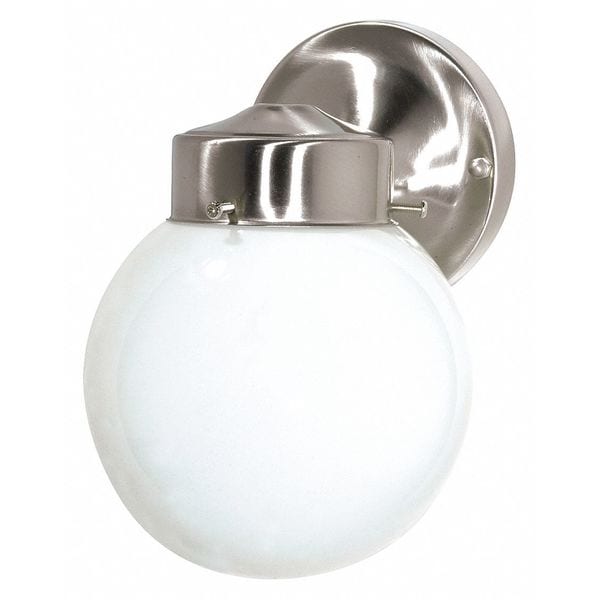 1-Light - 6in. - Porch Wall - With White Globe - Brushed Nickel Finish
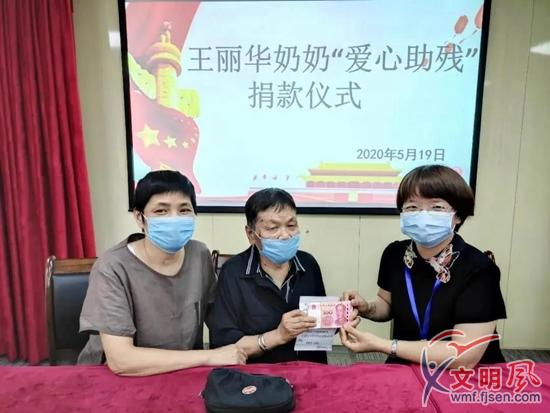 近日,江頭街道江華社區(qū)居民、87歲的老黨員王麗華來到江華社區(qū)居委會,親手將10099元現(xiàn)金交給了社區(qū)工作人員,請他們代為轉(zhuǎn)交。在媒體與王麗華家人的共同見證下,江華社區(qū)工作人員協(xié)助王麗華完成了線上捐款,將10099元善款轉(zhuǎn)入了騰訊公益平臺上的“愛心助殘,圓夢微心愿”項目中。這些錢都是王麗華從自己的積蓄和退休工資中節(jié)省下來的,之所以有99元的零頭是已有64年黨齡的她向建黨99周年獻(xiàn)禮。
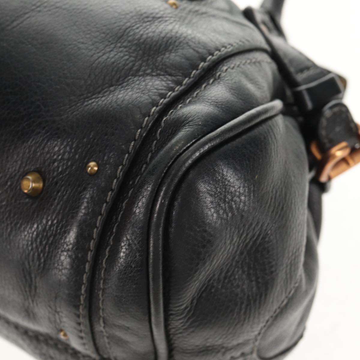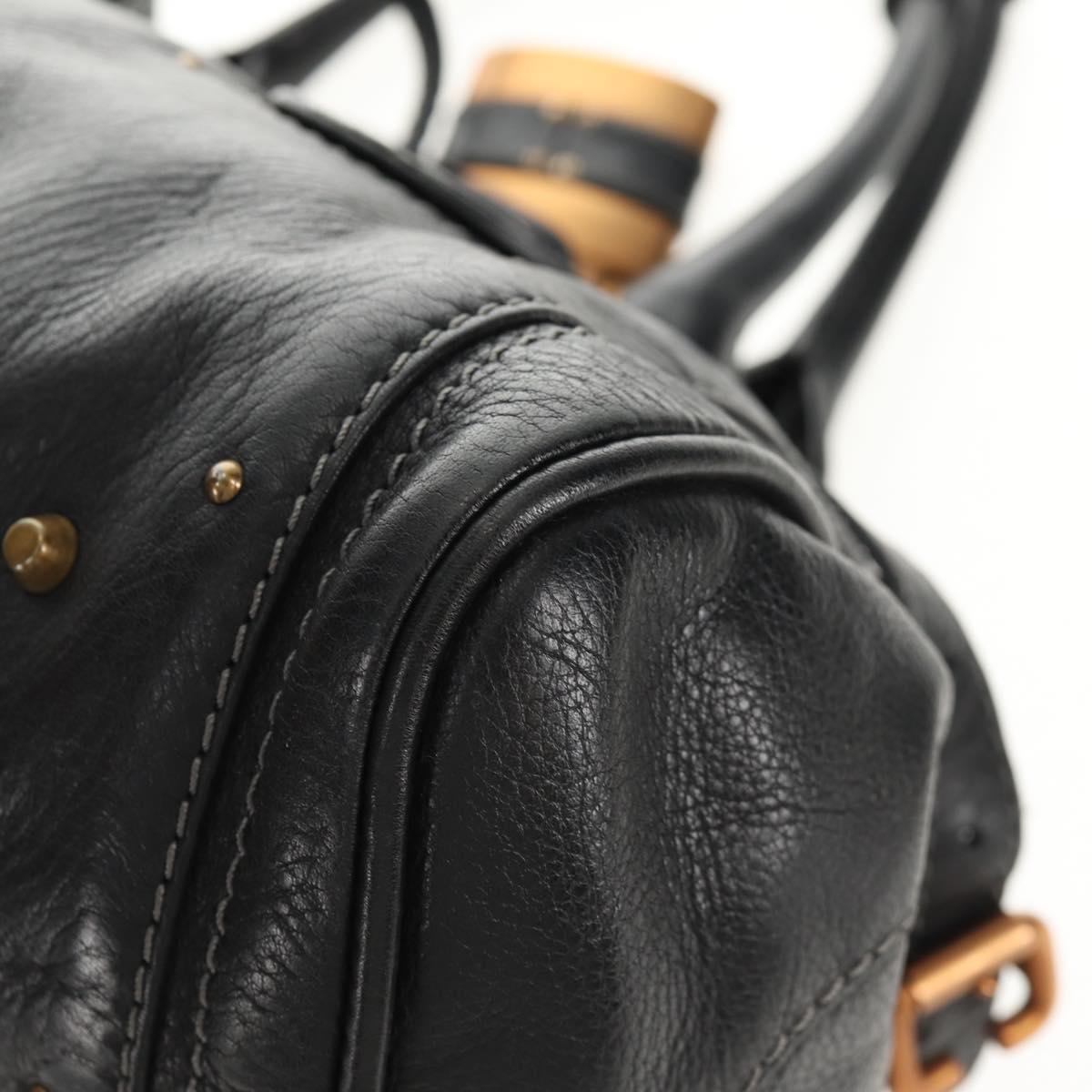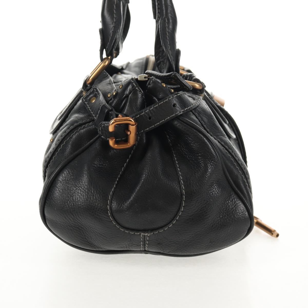 Chloe Paddington Shoulder Bag Leather Black Gold Auth am9291V
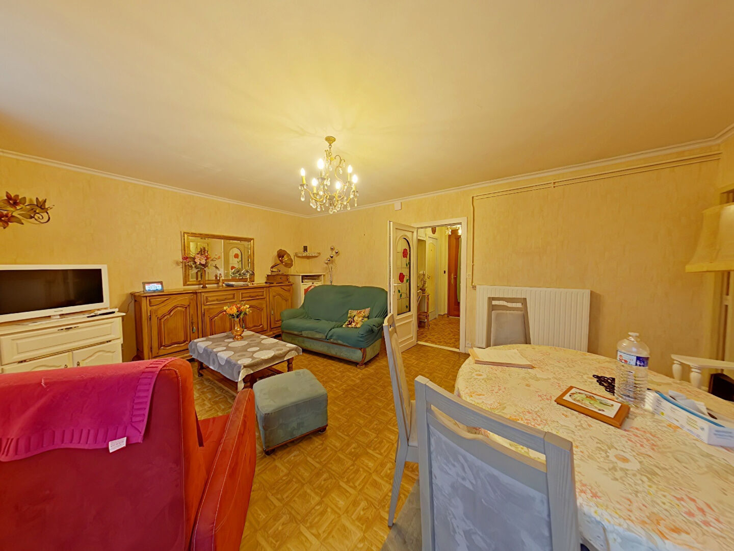 Entrée avec cellier, une cuisine indépendante aménagée et équipée de 7.03m², une pièce de vie de 24.74m² , trois chambres, une salle d'eau et un WC indépendant.

#### WORK TO COMPLETE:
Where images occur in the data above, leave them out and repeat everything else exactly.

#### TASK RESPONSE:
 1-Light - 6in. - Porch Wall - With White Globe - Brushed Nickel Finish
 近日,江頭街道江華社區(qū)居民、87歲的老黨員王麗華來到江華社區(qū)居委會,親手將10099元現(xiàn)金交給了社區(qū)工作人員,請他們代為轉(zhuǎn)交。在媒體與王麗華家人的共同見證下,江華社區(qū)工作人員協(xié)助王麗華完成了線上捐款,將10099元善款轉(zhuǎn)入了騰訊公益平臺上的“愛心助殘,圓夢微心愿”項目中。這些錢都是王麗華從自己的積蓄和退休工資中節(jié)省下來的,之所以有99元的零頭是已有64年黨齡的她向建黨99周年獻(xiàn)禮。
 Chloe Paddington Shoulder Bag Leather Black Gold Auth am9291V
 Entrée avec cellier, une cuisine indépendante aménagée et équipée de 7.03m², une pièce de vie de 24.74m² , trois chambres, une salle d'eau et un WC indépendant.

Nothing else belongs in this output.